Making these effects visible is a significant result of criticizing neoliberal dynamics, which rely on flexible and mobile networks of workers, while excluding those who are of no economic value to the system (Castells, 2000). Migratory movements have displaced more than 740 million people within countries, from rural to urban settings (UNDP, 2009), and 244 million migrants internationally (UNDESA, 2016). Understanding that population movements are the effect of a particular economic model that displaces, fractures, invites but also expels, we believe that researchers should identify a collective agenda to confront this phenomenon in its axiological, onto-epistemological, and methodological dimensions. Thus, as an invitation for other researchers, we propose that researchers in migration and health should:

  • Situate the origins of migratory processes taking into account the dominant socio-economic system, describing the social imaginary of our times, and examining, through transnational or multicentric studies in countries of origin and resettlement, the complex consequences of these processes.

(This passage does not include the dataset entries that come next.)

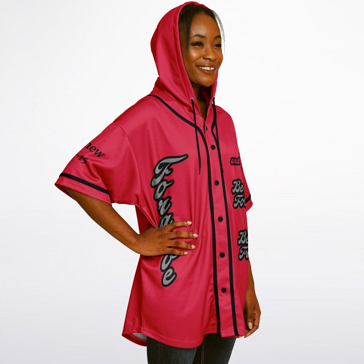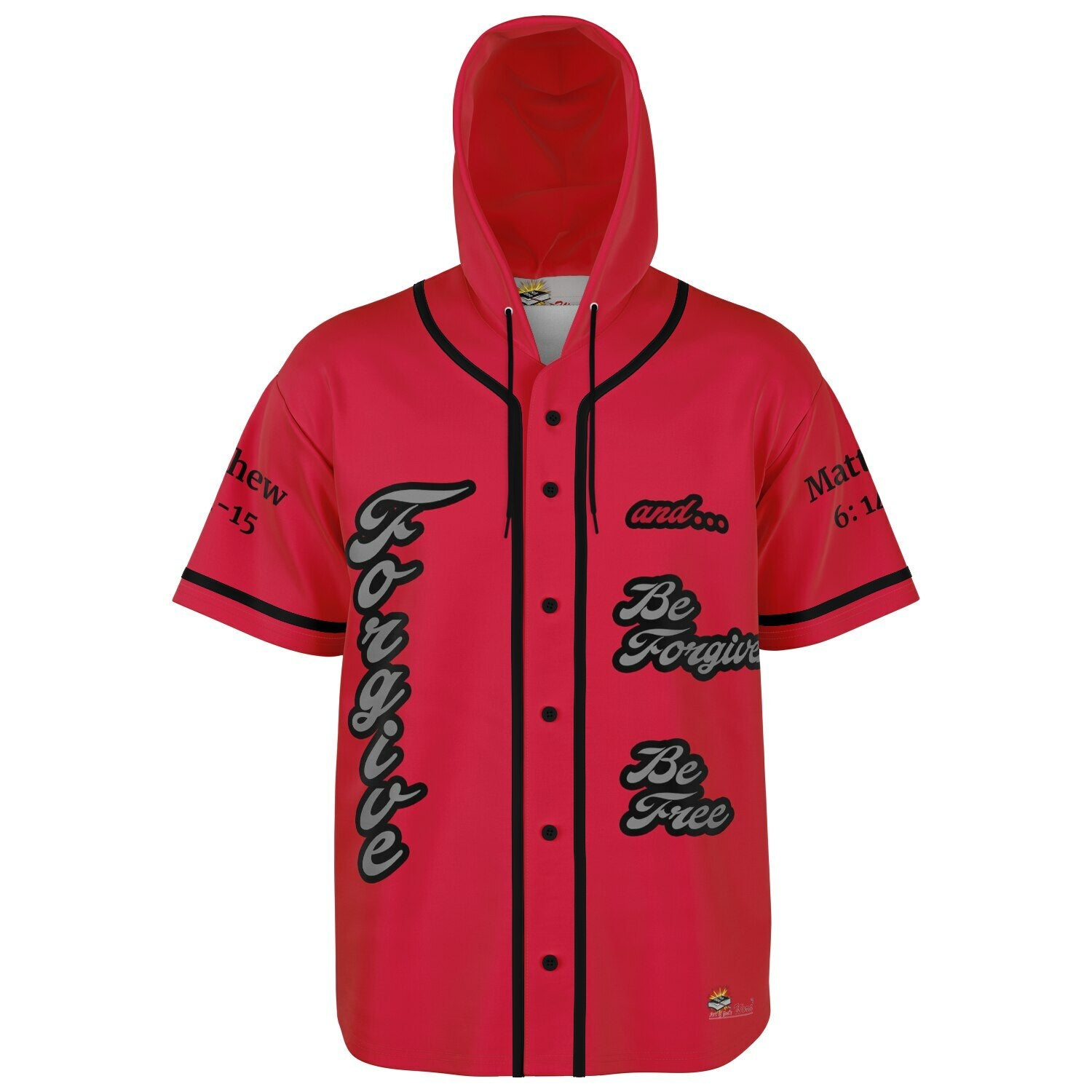 FORGIVE Red - Unisex Hooded Baseball Jersey, Black Stripes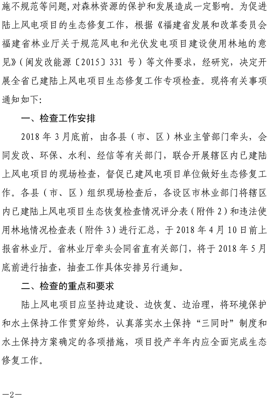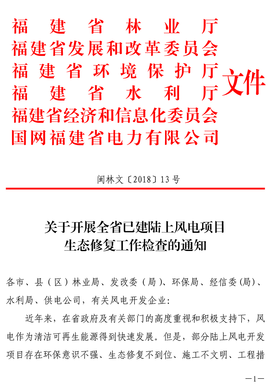 近日,福建省林業(yè)廳聯(lián)合省發(fā)改委、省環(huán)保廳等6家單位下發(fā)《關(guān)于開(kāi)展全省已建陸上風(fēng)電項(xiàng)目生態(tài)修復(fù)工作檢查的通知》,進(jìn)一步加強(qiáng)協(xié)同監(jiān)管,建立生態(tài)修復(fù)專項(xiàng)檢查聯(lián)動(dòng)機(jī)制,促進(jìn)生態(tài)修復(fù)。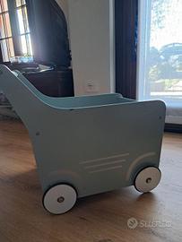 In legno, ottime condizioni. Consente al bambini di muovere i primi passi appoggiandosi ad un supporto. L' avevo scelto perché differentemente da quelli in plastica le rotelle non scivolano in avanti (sono ricoperte da una guarnizione in gomma che protegge il bambino ...e il parquet...)

  • Apply theoretical frameworks that problematize the notion of a universal science (e. g. postcolonial feminism, decolonization), to question any form of knowledge production that generates otherness, creating a false separation between “us” (the generous West) and “them” (migrants).
  • Avoid theoretical perspectives that render health an individual attribute rather than a collective construction achieved through solidarity.
  • Challenge the colonial and patriarchal concept of nuclear family as a desirable model, exploring several models –as among others, single parent families, extended families, family of choice– who share a history situated in a particular place and time, frequently with shared values, like caregiving for its members, but who may have distinct perceptions regarding child and parent obligations.
  • Explore the cultural costs (e. g. loss in family memory) emotional (e. g. intergenerational trauma), moral distress, and other forms of suffering to understand in a comprehensive manner the impact migration has on people’s health.
  • Study networks of solidarity, social integration and other health promotion strategies that may inspire programs and social and health services, communities and fractured families, without romanticizing family reunification as a solution, given that some fractures cannot and should not be fixed (e. g. some victims of domestic violence).